A Tale of Two Headlines
By Jim Ramsay
Against the backdrop of Kentucky facing a two year budget shortfall estimated to be $1 billion, two headlines this week caught my attention.
They tell us as much about the economy and our government. The WKYT articles were headlined, “Kentucky unemployment rate hit 26-year high in 2009” and “Tax package clears Ky. House; Senate fate unknown.” The first article simply related the facts. The 2008 annual unemployment rate was 5.8 as compared to the 2009 rate of 9.3. It mentioned that the record prior unemployment rate was from 1983 which was 11.3. This gives us the backdrop for the second article.
The second article discusses HB 530, a two year $300 million tax measure “to help fill a gaping shortfall in the next state budget.” The bill was voted along party lines with two Democrats opposing the tax changes and one Republican supporting it. The Republicans referred to the measure as a tax increase, but Democrat Harry Moberly from Richmond insisted that it was not a tax increase. The bill does in fact delay a business loss write off schedule that allowed states to take a loss over a period of several years. The net effect of which is that in these difficult economic times, businesses will pay more taxes over the next two years but they will be able to resume the claim of the loss thereafter. The practical effect is that rather then being able to hire or buy new equipment; hundreds of millions of dollars will go to government spending. One could argue that spending is spending. The government will spend those same dollars; however, the question is how will that money be spent?
When a worker or an employer in a small business earns a dollar, they can then determine to spend it as they see fit. If that individual or business decides to give that dollar to a charity or buy a good, the entire dollar goes to that purpose.
When a dollar is spent by the government, it is only spent after being filtered through the inefficient government system. The government first had to go to the person who earned it, thereby creating collection costs. Jails and law enforcement must be maintained to enforce those collection efforts. Whether paid directly or indirectly, money and effort is used to comply with the tax code. There is then overhead in government workers receiving the payments, processing checks, etc. Buildings need to be built to house those government workers and utilities must be paid to allow them to operate. Leaders must be elected to then decide how that money will be spent.

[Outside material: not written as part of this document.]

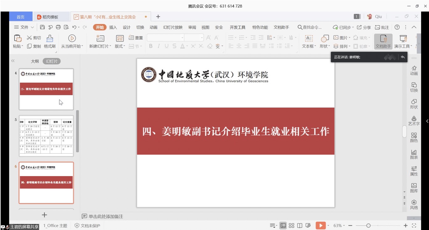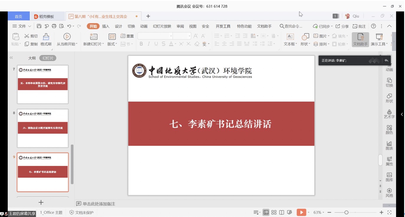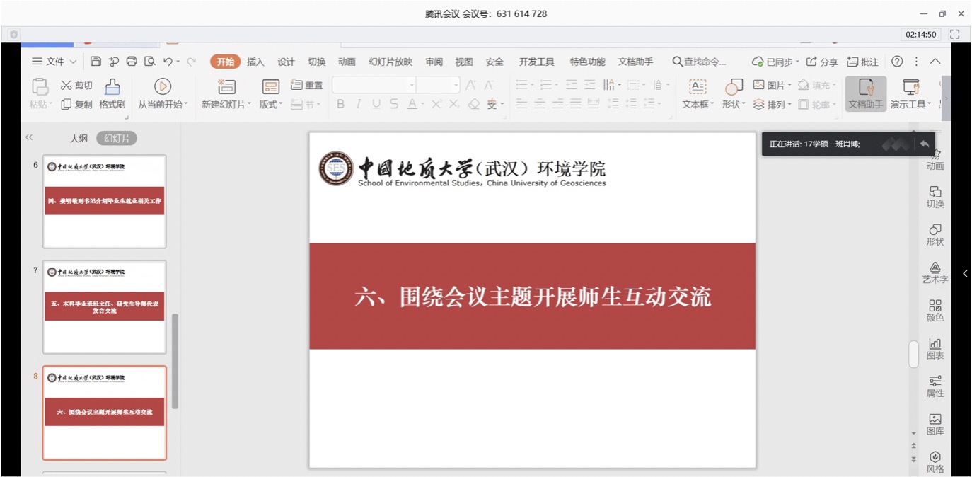 李素矿作总结讲话。他首先代表学院感谢老师和同学们在此次新冠肺炎防控战疫中做出的积极贡献。他说,时间如梭,转眼就到了同学们毕业、就业之际。往年的面对面、换成了今年的线上远程交流,疫情阻挡不了师生之间爱和友谊。他表示,对同学们此次“小E有约”师生线上交流会上提出的意见建议,学院立行立改,马上研究,及时回应。他指出,当前同学们面临毕业、就业两个主要问题,其中顺利毕业是高质量就业的前提和基础。行百里者半九十。同学们在最后一个学期,一定要精准学业,通过线上学习,修好学分、完成课程、做好毕设、写好论文,克服困难完成最后一公里的学业。打铁还需自身硬。面对就业,无论直接工作、升学读研、出国深造等哪种方式,同学们都要以积极的态度、满满的自信,做好人生规划,多与老师、同学、学长、家人、亲朋、用人单位等进行沟通交流,确定好的就业方式,尽早找到自己满意、幸福的社会第一站。他要求,全体班子成员、系室主任、党支部书记、全院教师、班主任、辅导员都要参与进来,彰显三全育人、党建标杆的力量,诠释“大爱” 精神情怀,关注关心毕业生们的学业、就业状况,解决好同学们的切身利益和具体实际困难。同学们所在的班团干部和党支部书记也要一起行动起来。全院上下一定要“拧成一股绳”,心往一处想、劲往一处使,为毕业生们做好指导帮助,履行好教育教学的出口这一关键环节。他强调,同学们要认真学习领会习近平总书记给北京大学援鄂医疗队“90后”党员的回信精神。牢记总书记的殷切期望和谆谆嘱托,践行生态文明思想,争做为国分忧、为民解困、红专能优的生态环保铁军,让自己的青春在党和祖国人民最需要的地方绽放绚丽之花,在实现中华民族伟大复兴的中国梦征程中书写自己的人生华章。最后他还提醒同学们,在当前疫情持续向好的态势下,一定要继续做好防护,居家学习生活,做到学习好、生活好、身体好。

Once those decisions are made, the money is transferred to some sort of administering agency who then decide their budgets internally and then must hire workers to interact with the public to spend the money or administer it to the population. Only after this long trail through which each stage takes its toll, is the dollar spent. How much the government consumes in overhead varies widely by agency and program, but it is intuitively obvious that these steps consume rather then add value, so the money coming out of the program is considerably less then the dollar that went into the system.
Back in the second article, Rep. Moberly is quoted as saying, "We have offered this as a solution ... to keep us from facing that catastrophic budget cut that would set this state back for many years…." The article also reads, “the alternative would be painful cuts to education and human services.” The article concludes with the statement, “…House Democratic leaders have been trying to soften those reductions.” This suggests the government views what it does as essential to the progress of the state. The premise seems to be that their spending levels must be maintained at all cost: reducing spending is a potential catastrophe. In government, the few set spending levels and decide who will receive their largess. If they spend money poorly, they simply demand more in the form of taxes, bonds, or federal grants.
The question then remains, how does business spend money? The largest expenditure in a business is often labor costs. When a dollar paid to a worker, there is an exchange of value for value. The worker gives his or her time to make a tire or build a vehicle. The market (aka you and me) by our choices determine the value of that tire or vehicle. Those prices combined with the costs of materials and the cost of capital (profit for the investors who loaned the business the money again, often us, the stock holders) largely set the value of that worker’s labor. The market demands efficiency. Competition continually improves businesses through invention, process improvement, and automation. If a business fails to do so, competitors will and the market will purchase those tires or vehicles freely from that competitor. When WE stop buying from the original business, they begin to starve for cash. WE will cause “gaping shortfalls” for them. WE will cause the business to make “painful cuts” to their staffing levels, and if they fail to improve after that, they will cease to exist and others will purchase their assets. WE the consumer, will destroy businesses that do not produce. In the end, we find that the many set spending levels by our everyday purchases. This may sound harsh, but this discipline brought our society out of the mud huts of our ancestors.
How do these two headlines interact? This tax plan will have direct effects on profitability, which will either be passed on to the consumers in rising prices, or be added to overhead which hampers the business’ ability to hire new people. With unemployment at the levels they are, is this the time to take more from the most efficient job creators and spenders in society and transfer it to be spent inefficiently through the government filter producing dramatically less then $300 million dollars worth of value?
Can you see the differences in the way the market deals with revenue fluctuation and the way government deals with them? Business adapts or folds. Government demands more. The market is about all of society having a say in the distribution of wealth. The government is about the privileged few deciding the distribution of wealth. Rather then viewing the budget deficit as the government overspending or shortsightedly expecting a fluctuating revenue stream to be stable, they view it only as a shortfall in revenue. The profligate spending and poor planning are at the heart of the issue, yet all they seem to see is their manna from heaven upon which they rely is mysteriously absent. We see it as our hard earned money funneled to the wasteful wishes of the few.